In remote Australia for example, as highlighted in the report, the Community Services Health Industry Skills Council (CSHISC) stated that they were aware of 44 per cent of people who undertake training from the health and the community services training packages come from rural and remote areas. They also make it very clear that ‘In particular, we have got a high uptake of Aboriginal people who are doing our training packages and come from regional and remote areas’ (Senate Standing Committee on Education and Employment, 2014, p. 19). Again, the significance of this statement is that it truly captures the importance of TAFE as a provider of more than just skills development; it also very clearly articulates that skills development in some communities just cannot be provided without the specialist intensive support that it provides in conjunction with vocational education and training as opposed to a completely separate adjunct.


Competitive Training Markets

The report discusses that with regard to competitive training markets in vocational education and training in Australia “One of the central themes in the various changes to the delivery of technical and further education across the country is the introduction of an open market for the delivery of training. The exact market model being introduced differs across the States and Territories, but all jurisdictions have, or are in the process of introducing far-reaching changes to the TAFE system” (Senate Standing Committee on Education and Employment, 2014, p. 25).

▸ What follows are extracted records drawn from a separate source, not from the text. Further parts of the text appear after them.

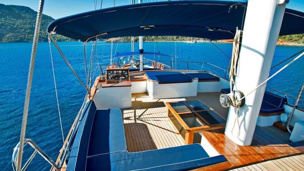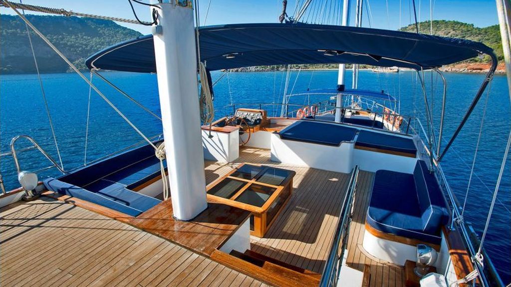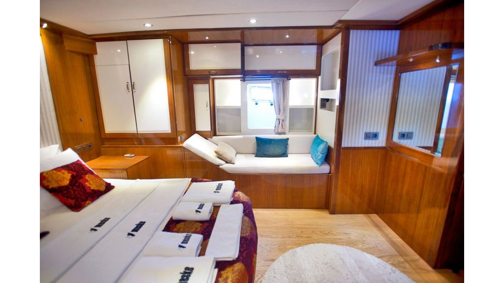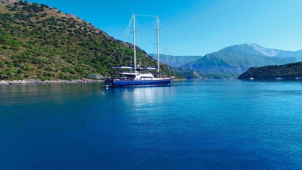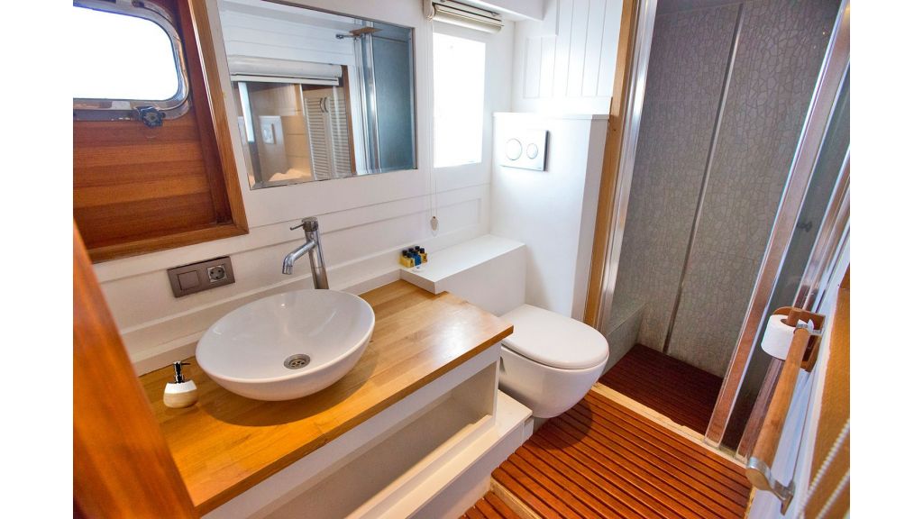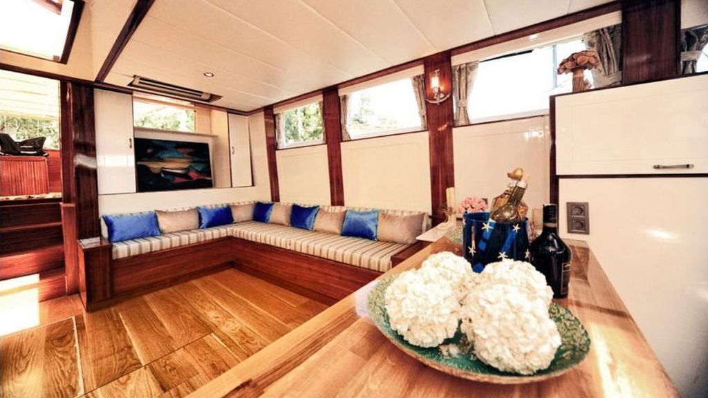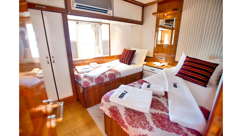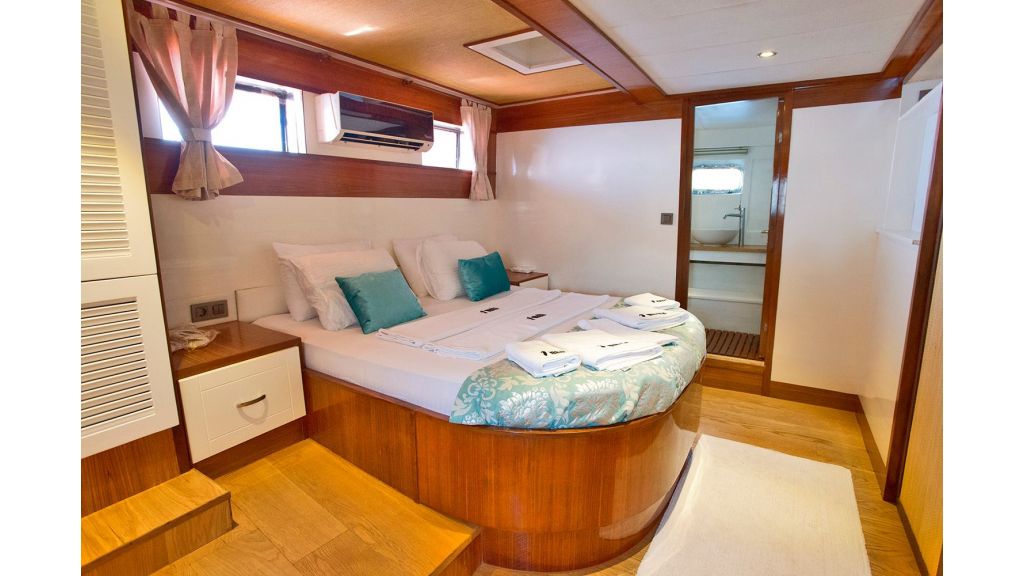 | Die Gulet Maske 2 ist eine 30 Meter lange Luxusyacht, gebaut 2013. Sie verfügt über sechs Kabinen – zwei Master-, drei Doppel- und eine Zweibettkabine – und bietet Platz für bis zu zwölf Gäste. Jede Kabine wurde sorgfältig gestaltet und verfügt über ein eigenes Bad. Das Deck bietet große Ess- und Loungebereiche, gepolsterte Sitze und weitläufige Sonnenflächen. Der Salon ist elegant eingerichtet und umfasst Ess- sowie Küchenbereiche. Zur Wassersportausstattung gehören ein 100 PS Beiboot, ein Stand-up-Paddleboard, Wasserski, Ringo, Kanu, Schnorchel- und Angelausrüstung. Angetrieben wird sie von zwei 360 PS Iveco-Motoren und zwei 27 kVA Generatoren, mit einer Reisegeschwindigkeit von 11 Knoten. Klimaanlage: 18 Stunden täglich. Die Maske 2 ist die ideale Wahl für Gäste, die Luxus, Komfort und Aktivität auf ihrer Blauen Reise kombinieren möchten. |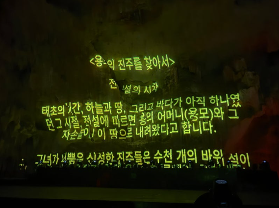 공연은 약 30분 정도 진행되는데 5부로 나뉘어 하롱베이의 전설과 문화를 주제로 구성된 공연이었답니다. 테이블과 스크린에 한국어 설명도 함께 제공돼 이해하기도 쉬웠고요.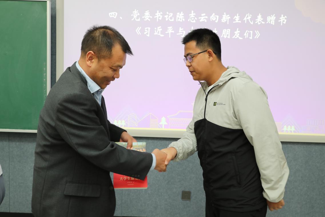 期间,陈志云向新生代表赠书《习近平与老员工朋友们》,期待首届学子通过努力实现自我成长,成为栋梁人才。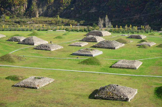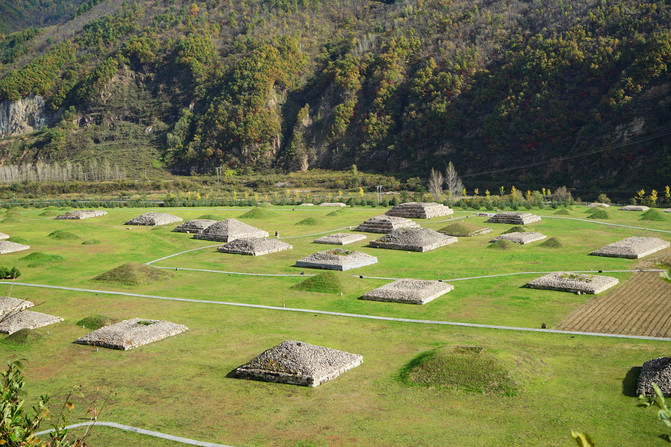 王公贵族的陵墓。早期的石头垒筑,后期的是土堆的。
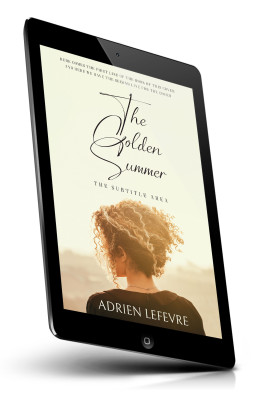 “A woman with curly hair looks at a hazy, sunlit landscape under a stylized title and author name.”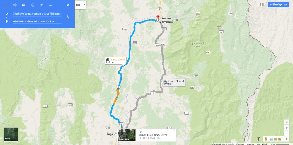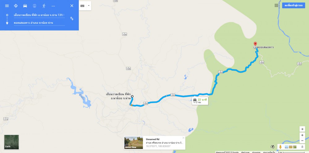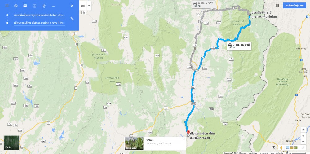 ผมตื่นตี 3 ครึ่ง อาบน้ำแต่งตัว ขนของขึ้นรถ "น้องขาว" ยาริส คู่ใจ คันนี้ พาผมตะลุยทริปหลายทริป เกือบทั่วภาคเหนือมาหมดแล้ว ถึงจะเล็ก ก็เล็กพริกขี้หนูนะเจ้าน้องขาว ^_^ เราเริ่มออกเดินทางตอนตี 4 ครึ่งโดยประมาณ ผ่านถนนวงแหวนรอบนอก ออกทางออกบางปะอิน มุ่งสู่ภาคเหนือ ด้วยถนนพหลโยธิน ผ่านจังหวัดอยุธยา อ่างทอง สิงห์บุรี ชัยนาท นครสวรรค์ จากนั้น ได้ขับรถไปทางถนนหมายเลข 117 มุ่งหน้าผ่านเมืองพิษณุโลก อุตรดิตถ์ แพร่ และมุ่งเข้าสู่ตัวเมืองจังหวัดน่าน ด้วยถนนหมายเลข 101 เราใช้เวลาเดินทางโดยประมาณ 11 ชั่วโมง รวมเวลาที่แวะพักทานข้าวระหว่างทาง ถึงตัวเมืองน่าน บ่าย 3 โมงกว่า โดยประมาณ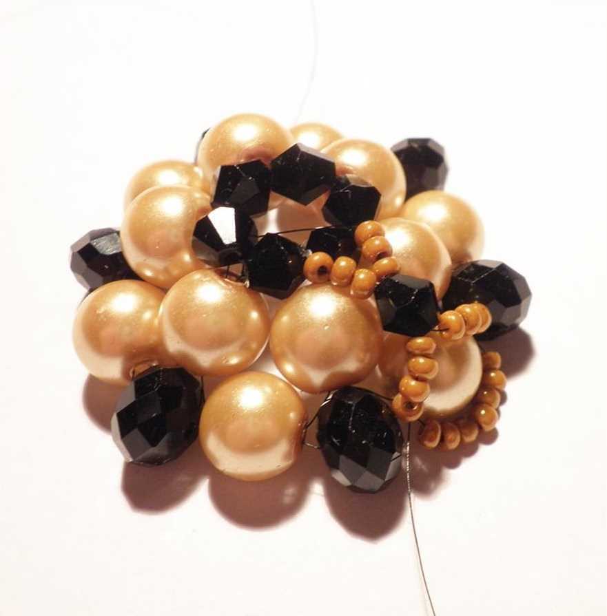 Остальные концы проволоки нужно пропустить через три-четыре крупных чёрных бусины, чтобы завершить нижнюю часть тельца. Можно перемежать бусины с бисеринами, имеющими большое отверстие, куда поместится шесть проволочек. Концы проволочек можно обжать фиксатором для бус или закрепить за последнюю бусину, обведя её и пропустив снова в её отверстие концы.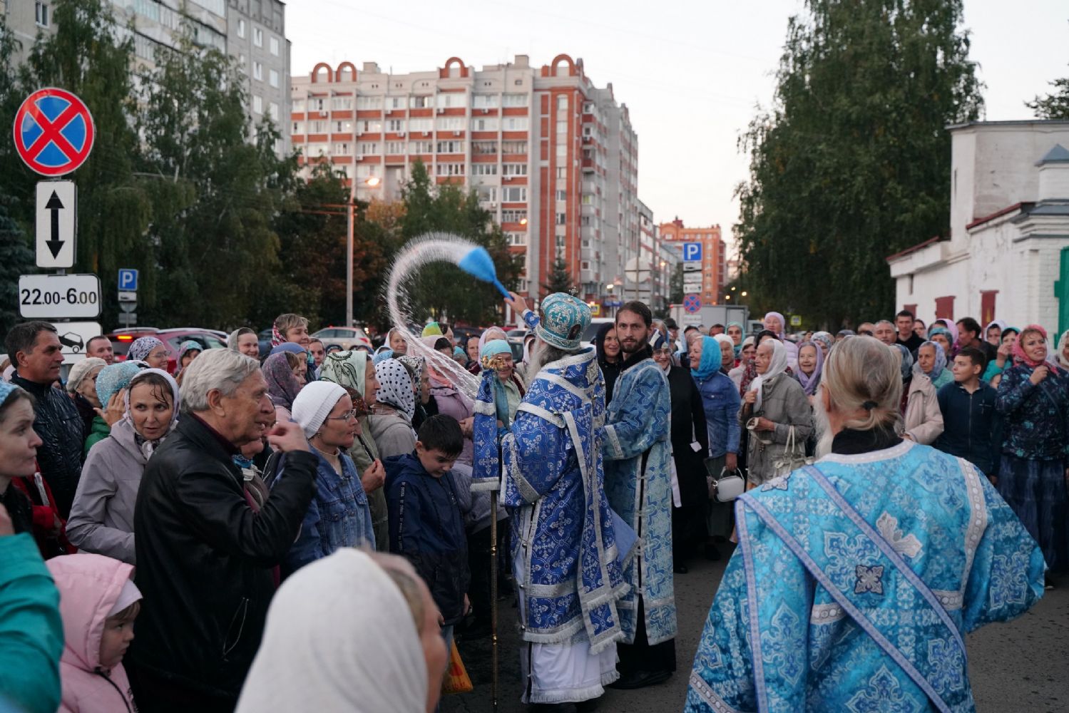 12 сентября вечером, после встречи крестного хода с Мироносицкой иконой Пресвятой Богородицы, митрополит Йошкар-Олинский и Марийский Иоанн возглавил всенощное бдение в домовом храме епархиального управления.

While the concept of having a competitive training market has been unpopular amongst TAFE’s around the nation, there are many reasons for the lack of popularity and just as many reasons for opening up the market.  While it is true that it costs more to operate as a public sector provider (particularly as previously outlined) but also being obliged as submitted to the Committee by the Victorian TAFE Association to provide services that are not necessarily required to the same degree by a private provider including libraries, cafeterias, counseling services, childcare services, transportation, facilities and equipment and compliance costs of being a public entity including for example having a governing board that is appointed by the government that is remunerated by the TAFE (Senate Standing Committee on Education and Employment, 2014).


On the other hand, TAFE’s have never had to compete for their funds before to the extent required today, funding was always there.  Now they are for the first time, really having to look at the variety of business models that private providers have had to engage in for many years and in many cases, this concept is quite foreign and abhorred.  For many years, TAFE providers have never had to ‘look’ for alternative funding models; their financial viability of course had never been threatened.  Suddenly, with the commencement of the competitive training market, TAFE providers are having to seek out alternative business models knowing the Student Contact Hours (SCH’s) are not necessarily going to be there.


Another closely related issue of course is the amount that each SCH is funded.  Where a TAFE (or public provider for that matter) has to rely on the provision of a product and/or service that is based only upon SCH funding allocations, it is critical that the funding allocated to that SCH reflect the actual cost of delivery.  It has long been known that nominal hours are only a reflection of structured face to face content however there is a greater expectation of workplace delivery as well as a significant amount of additional concurrent training and development that is not necessarily covered in the allocation of this funding either (take for example the case study previously mentioned by Deaf Australia NSW or a TAFE provider in remote Australia who provides a Certificate II qualification to Indigenous people whose nearest campus is some 4,000 kilometres away.  The funding model currently does not support the provision of quality education and training provision in these circumstances.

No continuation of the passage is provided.